__Problem details__
Once the line with "BORDOGNI:43 BEL CANTO" is found in the data, output it and each following line exactly, up to and including the line with "Суммарная вертикальная нагрузка на", and nothing before or after.

__Data provided__

=== Section Start ===

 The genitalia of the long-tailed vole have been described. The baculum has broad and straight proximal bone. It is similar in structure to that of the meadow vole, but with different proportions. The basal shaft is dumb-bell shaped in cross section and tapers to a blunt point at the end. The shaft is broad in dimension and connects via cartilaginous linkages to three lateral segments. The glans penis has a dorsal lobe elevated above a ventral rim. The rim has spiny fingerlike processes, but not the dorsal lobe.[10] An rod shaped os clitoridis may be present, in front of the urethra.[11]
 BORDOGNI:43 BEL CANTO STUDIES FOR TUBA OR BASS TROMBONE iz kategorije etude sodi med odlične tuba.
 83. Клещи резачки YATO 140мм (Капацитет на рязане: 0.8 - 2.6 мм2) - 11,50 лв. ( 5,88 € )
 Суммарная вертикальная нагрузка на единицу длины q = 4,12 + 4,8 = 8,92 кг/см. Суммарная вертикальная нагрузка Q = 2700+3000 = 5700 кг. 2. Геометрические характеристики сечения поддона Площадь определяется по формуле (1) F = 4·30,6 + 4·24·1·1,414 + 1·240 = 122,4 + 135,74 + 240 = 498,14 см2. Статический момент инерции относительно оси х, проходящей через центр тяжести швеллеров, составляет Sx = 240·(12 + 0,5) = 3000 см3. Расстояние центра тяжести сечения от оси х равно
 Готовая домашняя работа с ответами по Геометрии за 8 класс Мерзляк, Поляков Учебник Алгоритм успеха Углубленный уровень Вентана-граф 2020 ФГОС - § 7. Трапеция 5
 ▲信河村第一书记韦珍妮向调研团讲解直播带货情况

=== Section End ===
=== Section Start ===

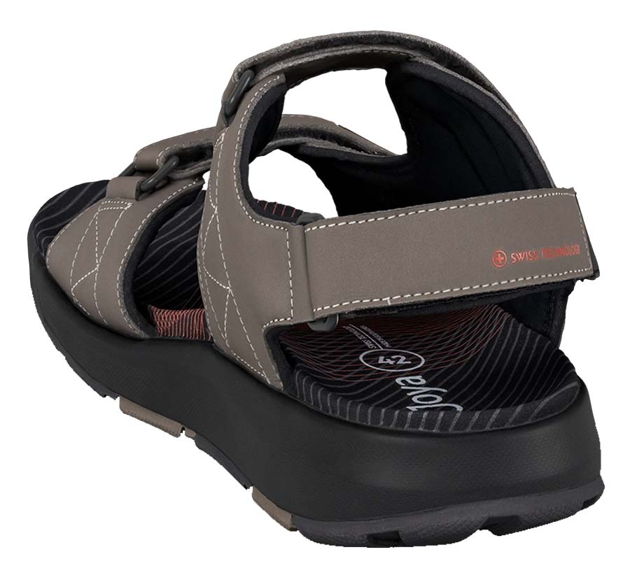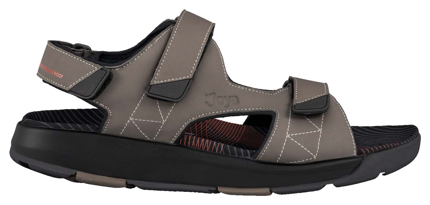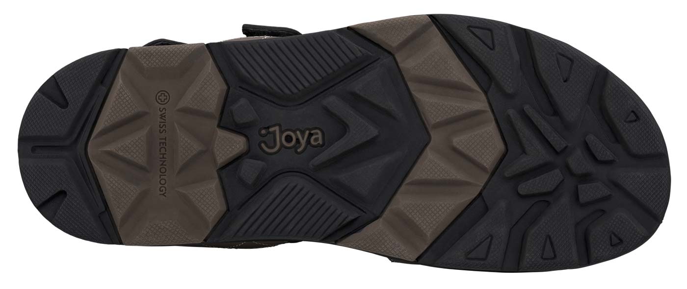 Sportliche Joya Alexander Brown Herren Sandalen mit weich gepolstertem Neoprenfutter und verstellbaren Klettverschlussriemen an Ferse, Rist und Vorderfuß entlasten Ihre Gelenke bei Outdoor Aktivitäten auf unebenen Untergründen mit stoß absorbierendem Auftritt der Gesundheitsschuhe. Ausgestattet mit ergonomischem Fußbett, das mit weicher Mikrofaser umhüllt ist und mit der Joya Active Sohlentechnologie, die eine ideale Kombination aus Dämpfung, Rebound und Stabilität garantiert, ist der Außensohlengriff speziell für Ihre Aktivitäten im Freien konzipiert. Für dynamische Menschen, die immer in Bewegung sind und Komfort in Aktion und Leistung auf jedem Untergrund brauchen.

=== Section End ===

__Response to this task__
 BORDOGNI:43 BEL CANTO STUDIES FOR TUBA OR BASS TROMBONE iz kategorije etude sodi med odlične tuba.
 83. Клещи резачки YATO 140мм (Капацитет на рязане: 0.8 - 2.6 мм2) - 11,50 лв. ( 5,88 € )
 Суммарная вертикальная нагрузка на единицу длины q = 4,12 + 4,8 = 8,92 кг/см. Суммарная вертикальная нагрузка Q = 2700+3000 = 5700 кг. 2. Геометрические характеристики сечения поддона Площадь определяется по формуле (1) F = 4·30,6 + 4·24·1·1,414 + 1·240 = 122,4 + 135,74 + 240 = 498,14 см2. Статический момент инерции относительно оси х, проходящей через центр тяжести швеллеров, составляет Sx = 240·(12 + 0,5) = 3000 см3. Расстояние центра тяжести сечения от оси х равно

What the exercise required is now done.